Client device 106 may be a computer coupled to the knowledge system 102 through a network such as a local area network (LAN) or wide area network (WAN) such as the Internet. The client device 106 may be, for example, a desktop computing device, a laptop computing device, a tablet computing device, a mobile phone computing device, a computing device of a vehicle of the user (e.g., an in-vehicle communications system, an in-vehicle entertainment system, an in-vehicle navigation system), or a wearable apparatus of the user that includes a computing device (e.g., a watch of the user having a computing device, glasses of the user having a computing device). Additional and/or alternative client devices may be provided. As noted above, client device may execute one or more of applications 107, 109, 111, 113 and 114. One or more user actions performed with these applications, or that are related to these applications, may be detected by knowledge system 102.

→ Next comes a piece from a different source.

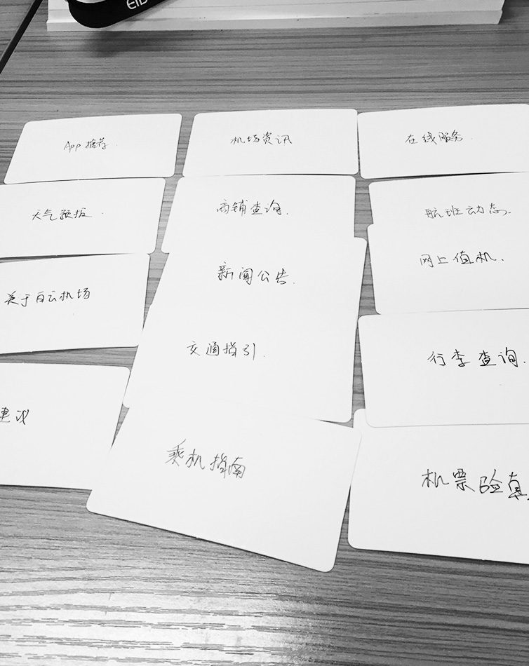 为了更好了解用户需求进行导航及信息架构方面的重设计,我们采用了分类卡片的方法。将多有功能拆分,然后依据用户的使用场景来分类,重新整合,这样能清晰地优化整个APP的信息架构,优化用户操作体验,提高易用性。

The client device 106 and the knowledge system 102 each include memory for storage of data and software applications, a processor for accessing data and executing applications, and components that facilitate communication over a network. The operations performed by the client device 106 and/or the knowledge system 102 may be distributed across multiple computer systems. The knowledge system 102 may be implemented as, for example, computer programs running on one or more computers in one or more locations that are coupled to each other through a network.
In various implementations, knowledge system 102 may include an indexing engine 120, an information engine 122, a graph engine 124, a ranking engine 126, an alternative query suggestion engine 128, and a recommendation engine 130. In some implementations one or more of engines 120, 124, 126, 128 and/or 130 may be omitted. In some implementations all or aspects of one or more of engines 120, 124, 126, 128 and/or 130 may be combined. In some implementations, one or more of engines 120, 124, 126, 128 and/or 130 may be implemented in a component that is separate from the knowledge system 102. In some implementations, one or more of engines 124, 126, 128 and/or 130, or any operative portion thereof, may be implemented in a component that is executed by client device 106.

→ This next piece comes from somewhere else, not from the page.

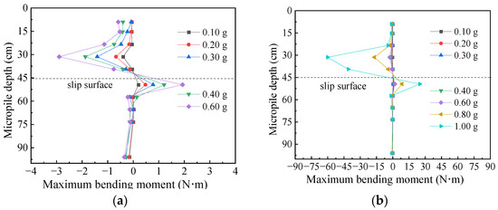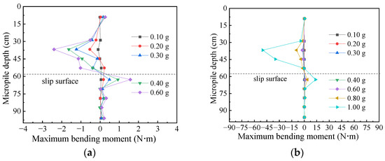 where M represents the bending moment, Es denotes the elastic modulus of the micropile, and W signifies the section modulus. ε1 corresponds to the strain on the front surface of the micropile (for clarity, this is defined as facing towards the slope toe) obtained by the shaking test, while ε2 refers to the strain on its rear surface (facing away from the slope toe) obtained by the shaking test. Figure 11, Figure 12 and Figure 13 illustrate the maximum bending moment curves of three rows of micropiles subjected to Wenchuan waves in the test.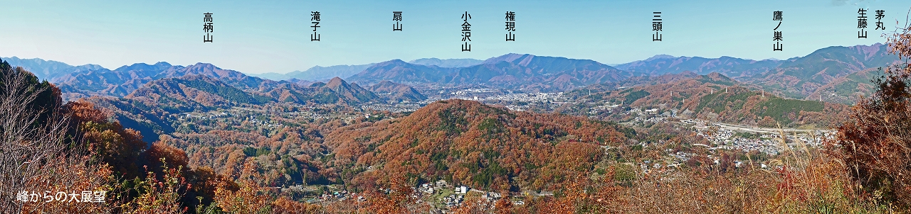| JR藤野駅南方の日連地区に位置する小規模アルプスで、中央線沿いから小金沢連峰に至る山々を同定したり、紅葉狩りしたりして、晩秋の低山登山を楽しんだ。 | |||

Indexing engine 120 may maintain an index 125 for use by knowledge system 102. Indexing engine 120 may process documents and updates index entries in the index 125, for example, using conventional and/or other indexing techniques. For example, indexing engine 120 may crawl one or more resources such as the World Wide Web and index documents accessed via such crawling. As another example, indexing engine 120 may receive information related to one or documents from one or more resources such as web masters controlling such documents and index the documents based on such information. A document is any data that is associated with a document address. Documents include web pages, word processing documents, portable document format (PDF) documents, images, emails, calendar entries, videos, and web feeds, to name just a few. Each document may include content such as, for example: text, images, videos, sounds, embedded information (e.g., meta information and/or hyperlinks); and/or embedded instructions (e.g., ECMAScript implementations such as JavaScript).
Information engine 122 may optionally maintain another index 127 that includes or facilitates access to non-document-specific information for use by the knowledge system 102. For example, knowledge system 102 may be configured to return information in response to search queries that appear to seek specific information. If a user searches for “Ronald Reagan's birthday,” knowledge system 102 may receive, e.g., from information engine 122, the date, “Feb. 6, 1911.” In some implementations, index 127 itself may contain information, or it may link to one or more other sources of information, such as online encyclopedias, almanacs, and so forth. In various implementations, index 125 or index 127 may include mappings between queries (or query terms) and documents and/or information. In some implementations, index 127 may include a knowledge graph that includes nodes that represent various entities and weighted edges that represent relationships between those entities. Such a knowledge graph may be built, for instance, by crawling a plurality of databases, online encyclopedias, and so forth, to accumulate nodes presenting entities and edges representing relationships between those entities.
In this specification, the term “database” and “index” will be used broadly to refer to any collection of data. The data of the database and/or the index does not need to be structured in any particular way and it can be stored on storage devices in one or more geographic locations. Thus, for example, the indices 125 and 127 may include multiple collections of data, each of which may be organized and accessed differently.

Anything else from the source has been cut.